I really enjoyed reading The Dao of capital. It's a bit of a slow build up but well worth the time.
Apart from all the austrian wisdom, the two key concepts of the books are The roundabout and hyperbolic discounting.
Those two concept are the reason what I would call time arbitrage works.
The roundabout basically means that it's sometimes better to go right first in order to go left later and is really well visualized as the difference between a roundabout and a four stop. The roundabout is actually much more efficient from a time / energy perspective and it's a good metaphor of scarifying a bit now in order to get a hedge and momentum later (or accepting volatility for higher return).
Now on to hyperbolic discounting.
Basically hyperbolic discounting is the fallacy of thinking you'll have more discipline in the future. Ex I won't study now but tomorrow morning I will wake up early to do so ... People prefer to make a bit of money steadily (procrastination) but are setting themselves up to take a huge loss in the future (failing the exam) instead of paying a little every day in order to set the field for a huge win.
The consequence of those 2 key principles is that investor are looking for immediate yield, and in doing so make some weird investment & capital allocation ex; increasing stock buyback instead of long time investment when the discount rate should be at high time low.

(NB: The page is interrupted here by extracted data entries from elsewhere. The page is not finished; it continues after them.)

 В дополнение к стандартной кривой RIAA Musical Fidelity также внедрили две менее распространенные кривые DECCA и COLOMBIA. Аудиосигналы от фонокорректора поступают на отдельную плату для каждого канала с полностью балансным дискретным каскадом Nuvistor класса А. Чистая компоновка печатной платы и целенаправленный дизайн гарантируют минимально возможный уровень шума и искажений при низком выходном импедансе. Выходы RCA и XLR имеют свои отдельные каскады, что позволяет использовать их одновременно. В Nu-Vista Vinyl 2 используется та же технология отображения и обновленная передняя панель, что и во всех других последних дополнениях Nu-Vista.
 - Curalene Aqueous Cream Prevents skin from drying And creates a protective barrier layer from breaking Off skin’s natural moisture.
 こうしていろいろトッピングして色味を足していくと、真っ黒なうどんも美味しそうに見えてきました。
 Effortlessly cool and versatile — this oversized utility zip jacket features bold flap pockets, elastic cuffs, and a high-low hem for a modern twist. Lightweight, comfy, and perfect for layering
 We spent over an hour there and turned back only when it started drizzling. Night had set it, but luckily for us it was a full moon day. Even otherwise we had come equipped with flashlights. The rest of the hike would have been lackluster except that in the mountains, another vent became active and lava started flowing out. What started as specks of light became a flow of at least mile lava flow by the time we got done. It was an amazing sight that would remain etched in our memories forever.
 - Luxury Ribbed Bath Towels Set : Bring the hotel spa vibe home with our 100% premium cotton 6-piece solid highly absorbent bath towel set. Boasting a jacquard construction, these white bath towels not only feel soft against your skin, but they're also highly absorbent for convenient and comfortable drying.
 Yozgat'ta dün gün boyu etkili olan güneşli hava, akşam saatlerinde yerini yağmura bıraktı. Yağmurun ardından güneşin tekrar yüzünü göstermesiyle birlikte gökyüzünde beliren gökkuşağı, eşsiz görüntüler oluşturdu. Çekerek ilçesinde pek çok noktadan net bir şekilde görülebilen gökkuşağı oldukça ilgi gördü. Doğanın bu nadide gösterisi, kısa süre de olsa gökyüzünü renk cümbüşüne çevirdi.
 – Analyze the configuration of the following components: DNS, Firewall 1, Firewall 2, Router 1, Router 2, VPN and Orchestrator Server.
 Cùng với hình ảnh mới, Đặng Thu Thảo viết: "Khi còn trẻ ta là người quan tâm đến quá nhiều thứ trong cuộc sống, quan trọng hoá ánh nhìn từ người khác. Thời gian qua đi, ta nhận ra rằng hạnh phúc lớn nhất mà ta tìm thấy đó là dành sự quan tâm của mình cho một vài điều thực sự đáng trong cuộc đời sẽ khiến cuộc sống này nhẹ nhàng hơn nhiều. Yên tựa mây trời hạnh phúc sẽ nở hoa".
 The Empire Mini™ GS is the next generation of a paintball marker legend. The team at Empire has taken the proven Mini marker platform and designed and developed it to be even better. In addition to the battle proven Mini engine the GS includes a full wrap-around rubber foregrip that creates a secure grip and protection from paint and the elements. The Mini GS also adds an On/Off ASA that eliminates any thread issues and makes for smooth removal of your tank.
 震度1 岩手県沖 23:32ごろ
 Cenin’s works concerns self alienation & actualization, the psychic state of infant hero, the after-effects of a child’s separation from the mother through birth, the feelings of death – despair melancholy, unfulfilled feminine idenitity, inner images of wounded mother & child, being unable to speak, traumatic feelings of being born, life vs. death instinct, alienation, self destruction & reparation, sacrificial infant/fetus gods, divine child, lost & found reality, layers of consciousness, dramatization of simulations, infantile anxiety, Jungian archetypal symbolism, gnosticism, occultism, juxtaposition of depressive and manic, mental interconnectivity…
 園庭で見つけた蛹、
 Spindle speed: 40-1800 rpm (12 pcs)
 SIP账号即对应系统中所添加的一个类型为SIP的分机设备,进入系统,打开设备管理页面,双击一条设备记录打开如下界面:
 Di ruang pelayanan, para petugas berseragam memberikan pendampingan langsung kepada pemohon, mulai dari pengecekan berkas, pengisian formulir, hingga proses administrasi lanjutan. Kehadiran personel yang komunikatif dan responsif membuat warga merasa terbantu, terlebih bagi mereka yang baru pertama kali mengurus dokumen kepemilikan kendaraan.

This allow patient and disciplined capital allocator to trounce index long term.
From a strategical point of view the application of the roundabout tactic in Spitznagel investment is via the use of deep out of the money put option on the s&p 500 wich allow him to lose a bit now (the premium) in order to gain a lot in the future by providing liquidity in a time of crisis.
In summary a pretty good book linking austrian economics, value investing, psychology and a good understanding of market risk.